She cast a glance downward. She’d dressed for the outing in her best traveling frock—a handed down dove-gray silk. The hues were modest enough, and the sleeves rather long for summer. But from the direction of his gaze, she supposed he’d taken an interest in the row of ribbon bows that marched down the front of the bodice, holding two edges of gray silk together across a thin slice of white lace. It was all part of the gown’s design, of course, but the garment was cleverly stitched to create the illusion that just a few ribbon ties stood between demure modesty and a state of undress.

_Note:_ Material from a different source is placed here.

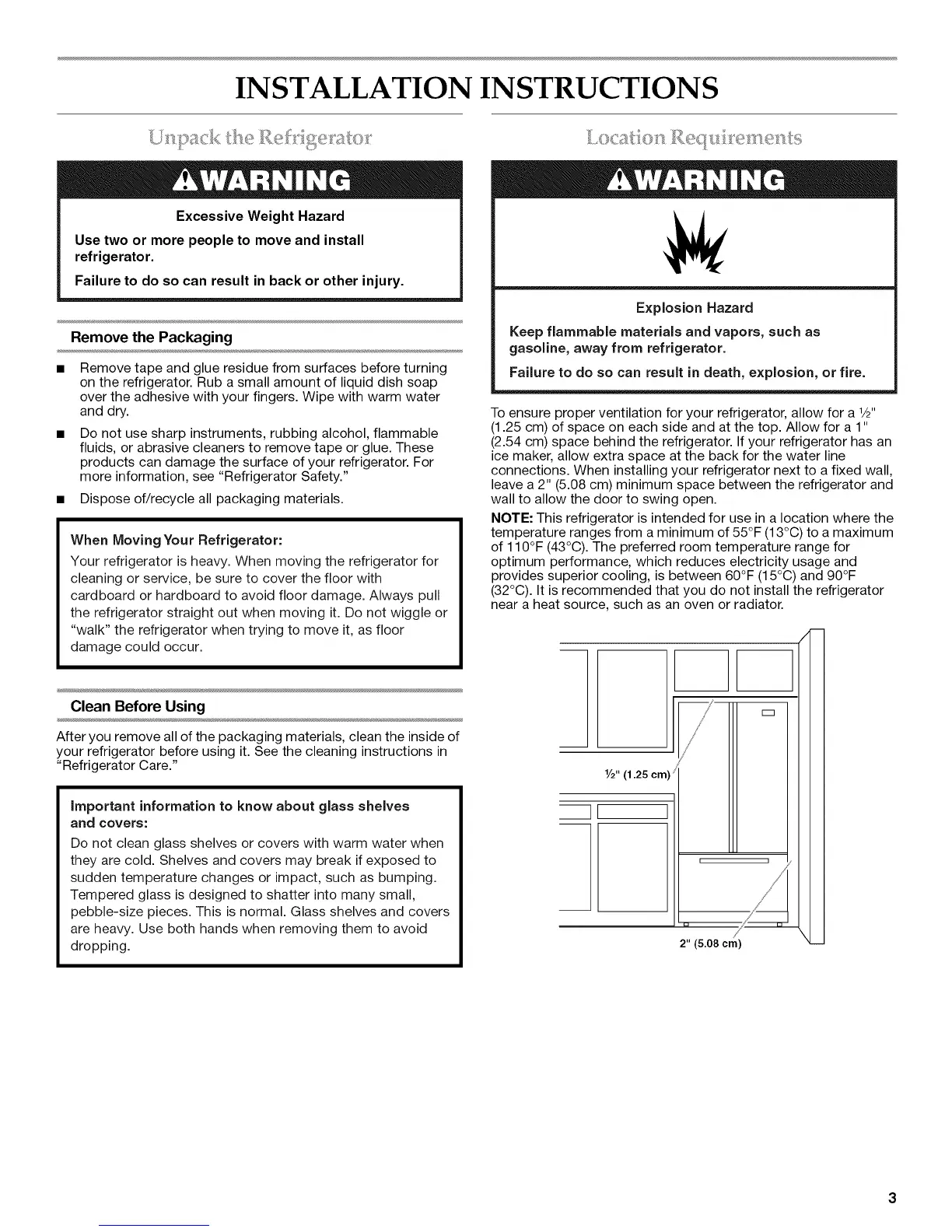 (2.54 cm) space behind the refrigerator. If your refrigerator has an

“You’re like a gift,” he said, his voice rough. “All wrapped up for someone else. A man can’t look at you, but think of loosing those bows, one by one.”

“They’re false bows,” she stammered. “They’re sewn together.”

His gaze never left her bodice, surveying. Strategizing. “I could rip them with my teeth.”

And then what?a foolish part of her longed to ask.

They stood like that, facing one another. Saying nothing, breathing hard, and imagining far too much.

Eventually Badger nosed at her boots, impatient to be on with things. They couldn’t stand here and look at each other all day. No matter how exhilarating it was.

“It’s only physical,” he said, walking on. “It will pass. You’ll be able to release me soon enough.”

It would have been comforting to believe so, but Kate wasn’t convinced.

“I need to know something of you,” she said as they neared the church. “Lark is always asking me questions about you. About us. And I don’t know how to answer. What’s your birthday, to begin?”

“Don’t know it.”

Kate felt a twinge of sadness for him, but then—she’d survived without a proper birthday for twenty-three years.

“How about your favorite color?”

He threw a careless, sidelong glance at her frock. “Gray.”

“Be serious, please. I’m engaged to you, temporarily, and I know nothing of you. Nothing of your family, your history, your childhood.” And after their engagement party, Kate knew he’d been paying a great deal of attention to her.

“There’s nothing to tell.”

“That can’t be true. I was raised at a miserable girls’ school, but even I have amusing stories from when I was a child. There was the time it was my turn to help in the kitchens, and I decided to be creative with the seasonings for our evening soup. I accidentally dumped the entire contents of the pepper pot into the broth, and I was too afraid to own up to it. And then it was supper, and I still couldn’t say a word. I’ll never forget watching all my friends and teachers take that first mouthful of soup—”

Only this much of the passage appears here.